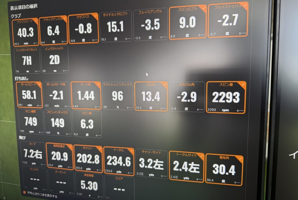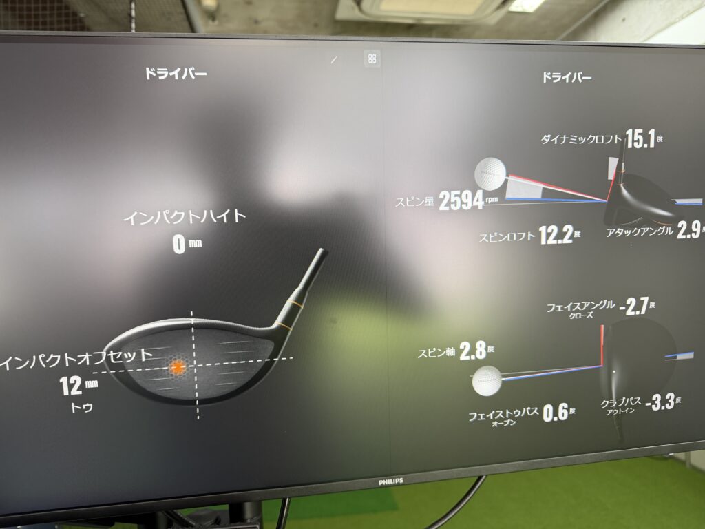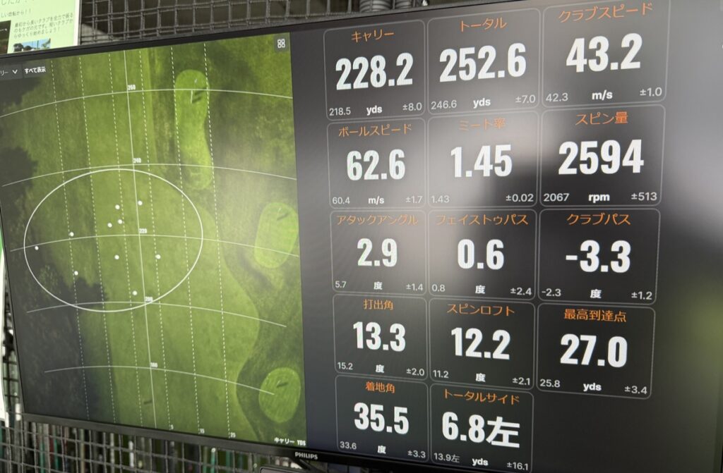 ショット分析は様々なクラブデータと弾道データが出るモードです。とりあえず一発打ってみたデータをご覧ください。
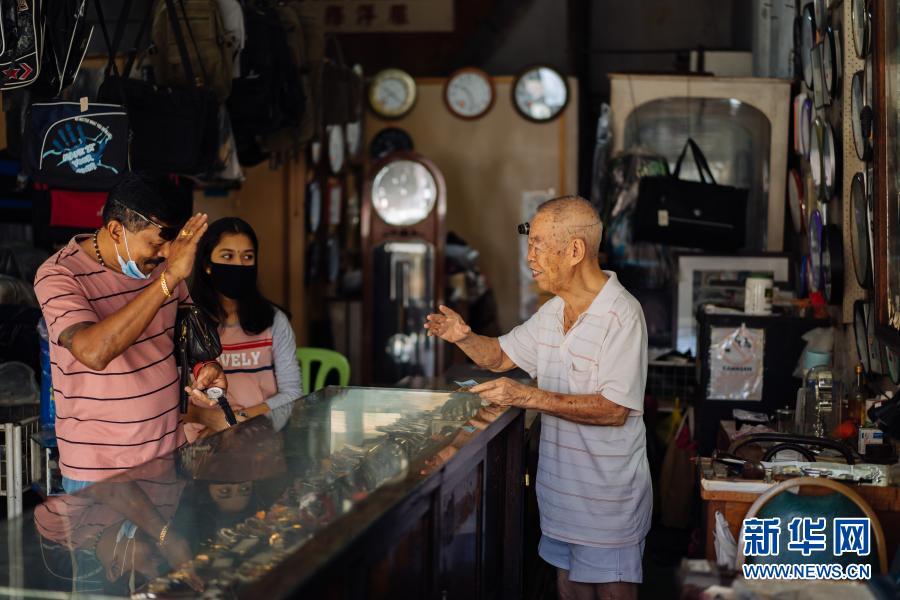 12月5日,在馬來西亞雪蘭莪州巴生的郁昌表行,韋華與顧客告別。新華社記者 朱煒 攝
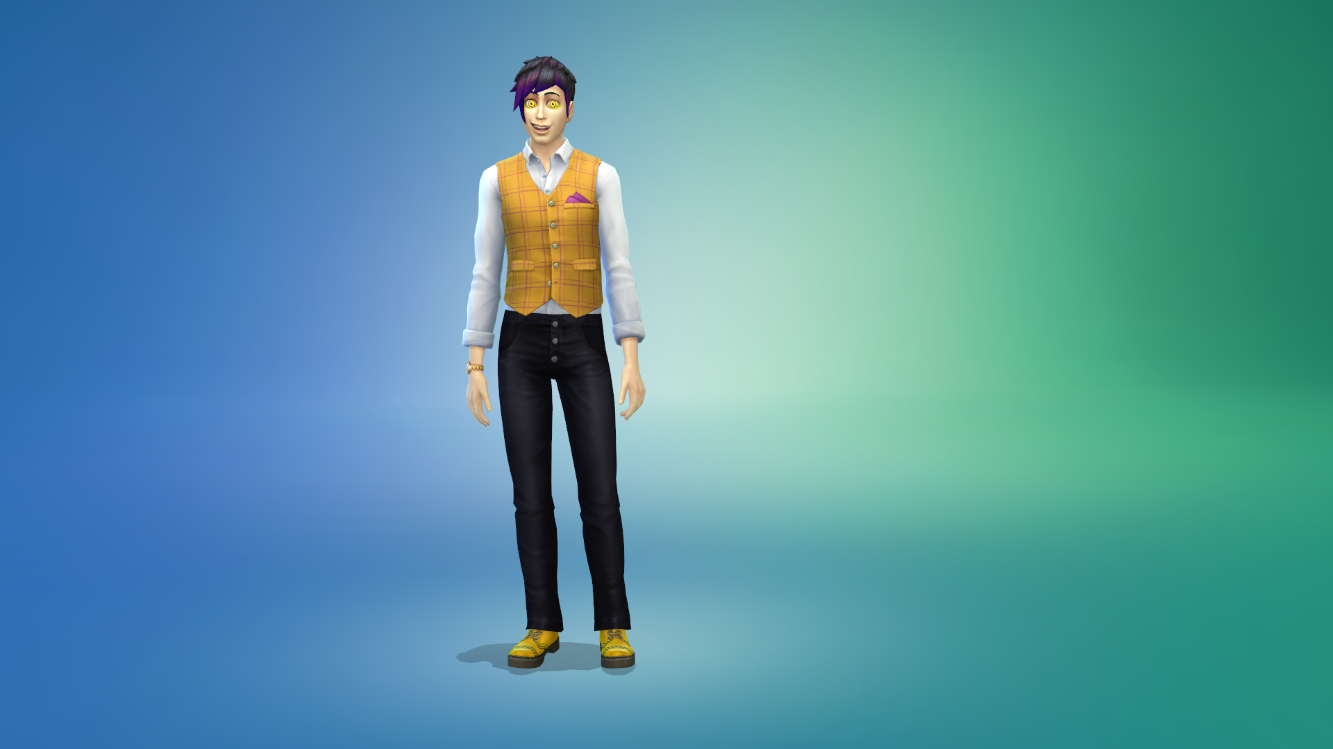 My Sim Smiler in a white shirt, yellow checked vest, black pants, and yellow shoes
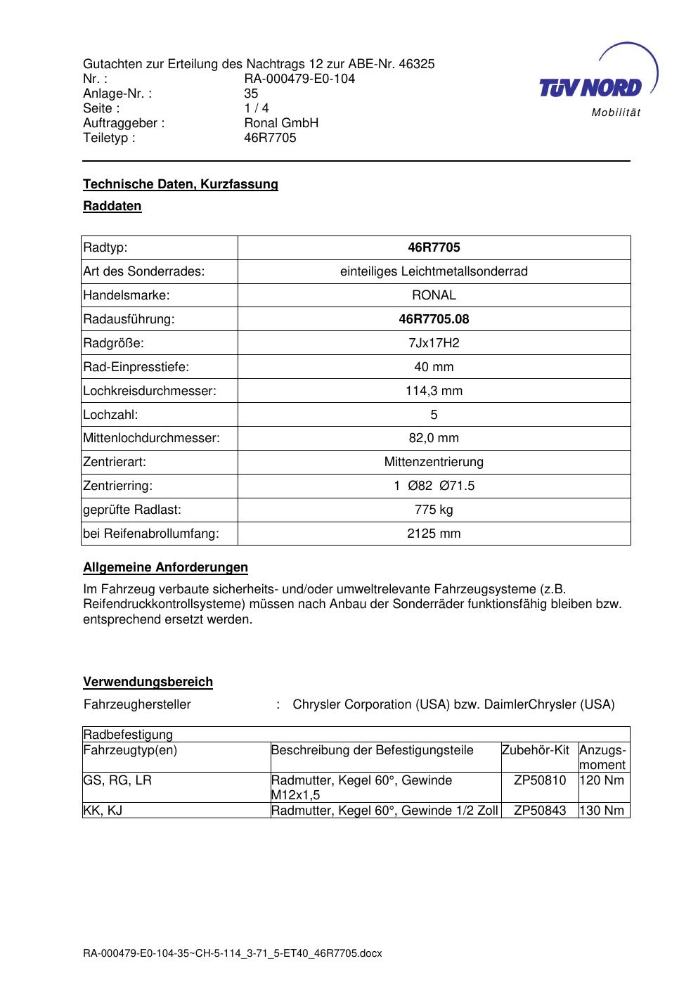 Dieses Gutachten (abe) bezieht sich auf die Alufelge Ronal 46R7705 in der Ausführung 7Jx17 ET 0, Mittenloch 0 mm (KBA 46325). Im PDF findest du typischerweise zulässige Reifengrößen, Auflagen/Anbauhinweise und – je nach Dokument – Hinweise zur Eintragung.
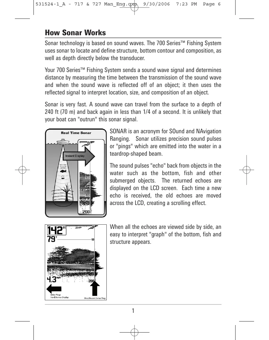 How Sonar Works Sonar technology is based on sound waves. The 700 Series'" Fishing System uses sonar to locate and define structure, bottom contour and composition, as well as depth directly below the transducer. Your 700 Series"" Fishing System sends a sound wave signal and determines distance by measuring the time between the transmission of the sound wave and when the sound wave is reflected off of an object; it then uses the reflected signal to interpret location, size, and composition of an object. Sonar is very fast. À sound wave can travel from the surface to a depth of 240 ft (70 m) and back again in less than 1/4 of a second. It is unlikely that your boat can "outrun" this sonar signal. (7 Real time Sons SONAR is an acronym for SOund and NAvigation Ranging. Sonar utilizes precision sound pulses or "pings" which are emitted into the water in a teardrop-shaped beam. The sound pulses "echo" back from objects in the water such as the bottom, fish and other submerged objects. The returned echoes are displayed on the LCD screen. Each time a new echo is received, the old echoes are moved across the LCD, creating a scrolling effect. When all the echoes are viewed side by side, an easy to interpret "graph" of the bottom, fish and structure appears.
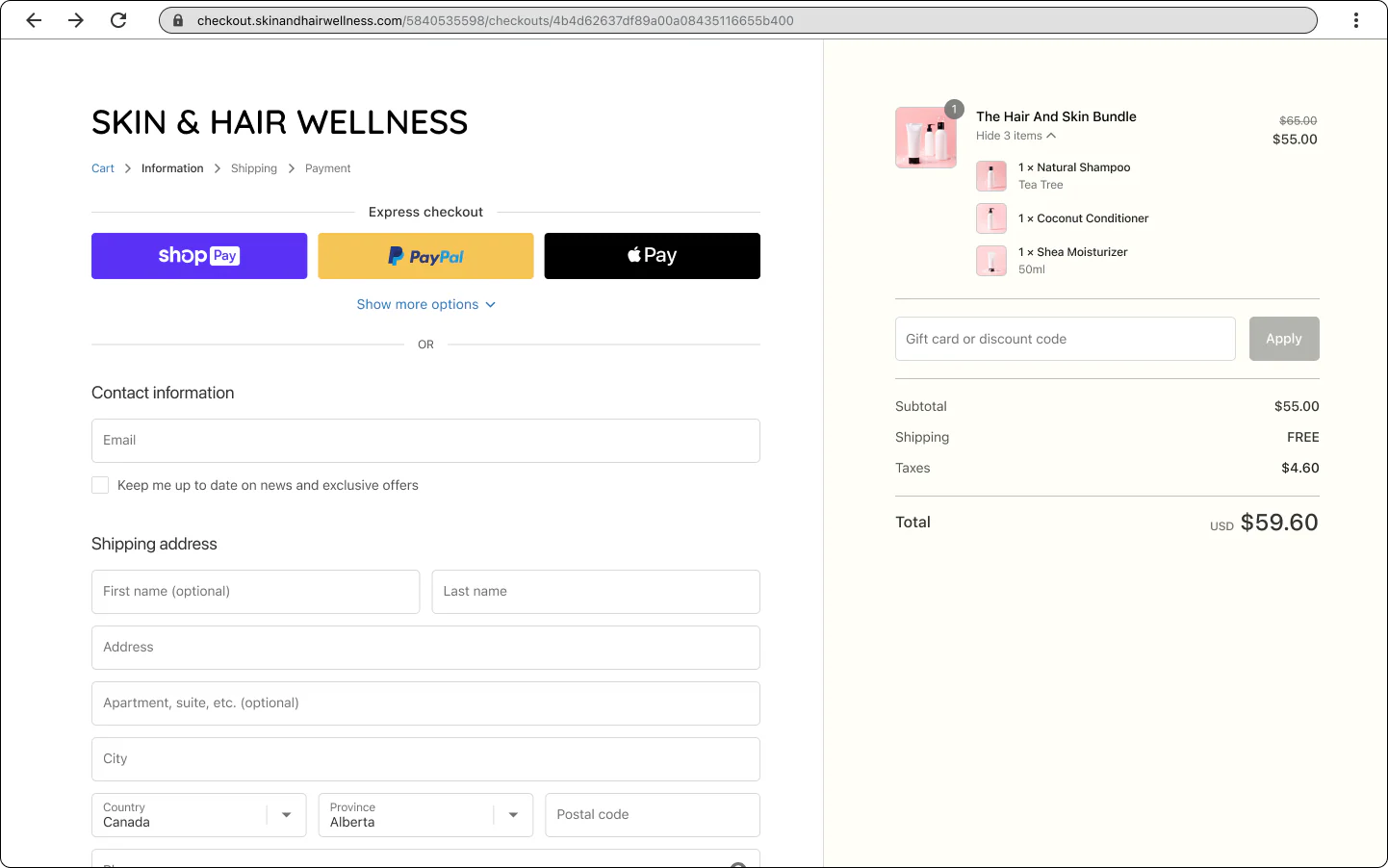 Alt text: Screenshot of a completed Shopify bundle during checkout
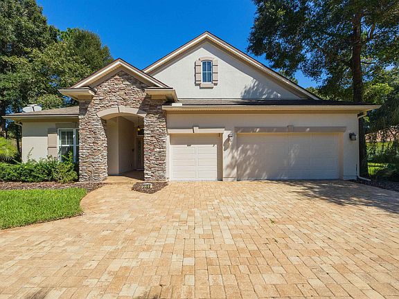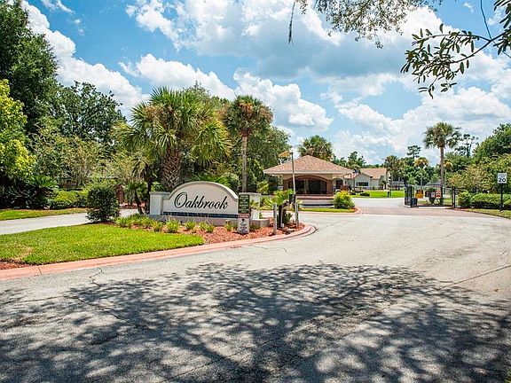 CHARMING 4BR/3BA TRADITIONAL HOME ON 1/2 ACRE & 3 CAR GARAGE IN OAKBROOK, A BEAUTIFULLY MAINTAINED GATED COMMUNITY WITH TREE LINED STREETS. Circular paved driveway leads to paved front porch with stone faced columns. Wide foyer leads to open floor plan featuring large kitchen with gas range, granite counters, lots of upgraded cabinets with molding, walk in pantry & island with sink & breakfast bar. Kitchen overlooks spacious great room and formal dining room with French doors leading to 11x27 screen lanai with new patio pavers. Tile floors throughout entire home & plantation shutters on all windows. Owner suite also has French doors leading to lanai, big walk in closet & luxurious bathroom with walk in shower & granite counters. Both 2nd & 3rd bedroom come with walk in closets & 1 has its own en suite bathroom. 4th bedroom & 3rd bathroom are conveniently located adjacent to 3 car garage & laundry room. Amenities include gated entry, clubhouse with pool, tennis & playground. 20 minutes to Crescent Beach; 10 minutes to shopping plazas & less than 20 min to all schools.
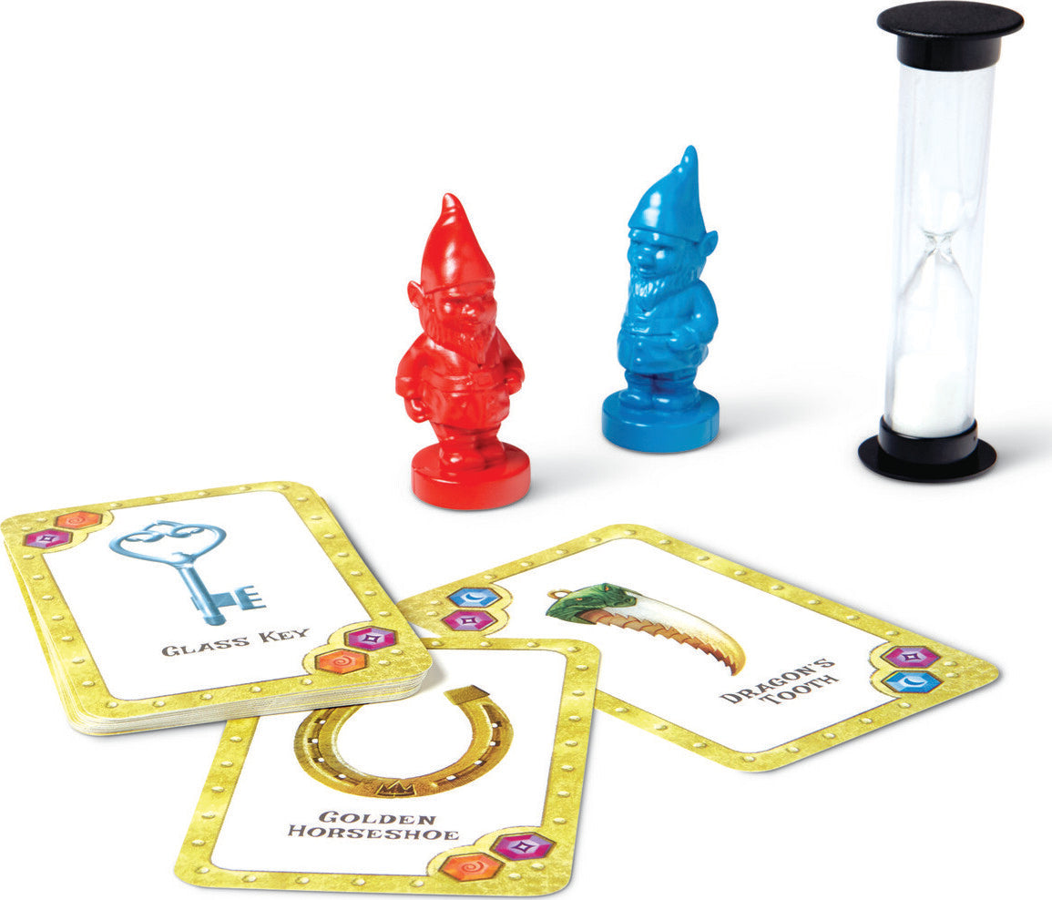 INCLUDES: 4 game boards, 12 Treasure Cards, 2 Team Cards, 4 Corner Start Cards, 2 game board holders, 2 magnetic gnome movers, 1 sand timer and instructions.
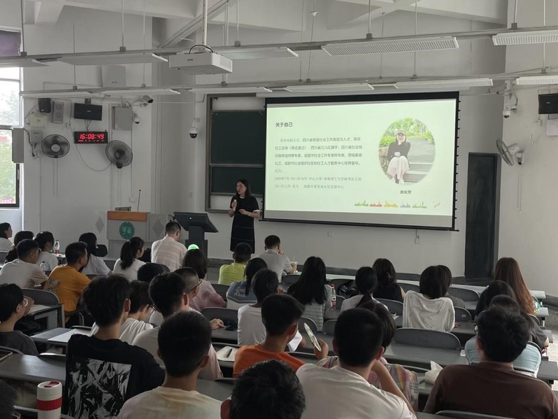 “用生命影响生命,用专业助力成长。”成都市爱有戏社区发展中心副主任余长芳向同学们分享作为一名“老社工”的心路历程。余老师以自身在灾区的社会工作经验引导同学们在社会服务实践中深度认同社会工作专业;以真实的行业从业者案例展现社会工作的多样性、创新性。
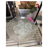 LARGE YORKTOWN GLASS PUNCHBOWL & CUPS |

- Task to complete
Please retype, exactly and with the pictures left out, the lines from the line containing "INCLUDES: 4 game" through the last line of the records above.

- Result of this exercise
 INCLUDES: 4 game boards, 12 Treasure Cards, 2 Team Cards, 4 Corner Start Cards, 2 game board holders, 2 magnetic gnome movers, 1 sand timer and instructions.
 “用生命影响生命,用专业助力成长。”成都市爱有戏社区发展中心副主任余长芳向同学们分享作为一名“老社工”的心路历程。余老师以自身在灾区的社会工作经验引导同学们在社会服务实践中深度认同社会工作专业;以真实的行业从业者案例展现社会工作的多样性、创新性。
 LARGE YORKTOWN GLASS PUNCHBOWL & CUPS |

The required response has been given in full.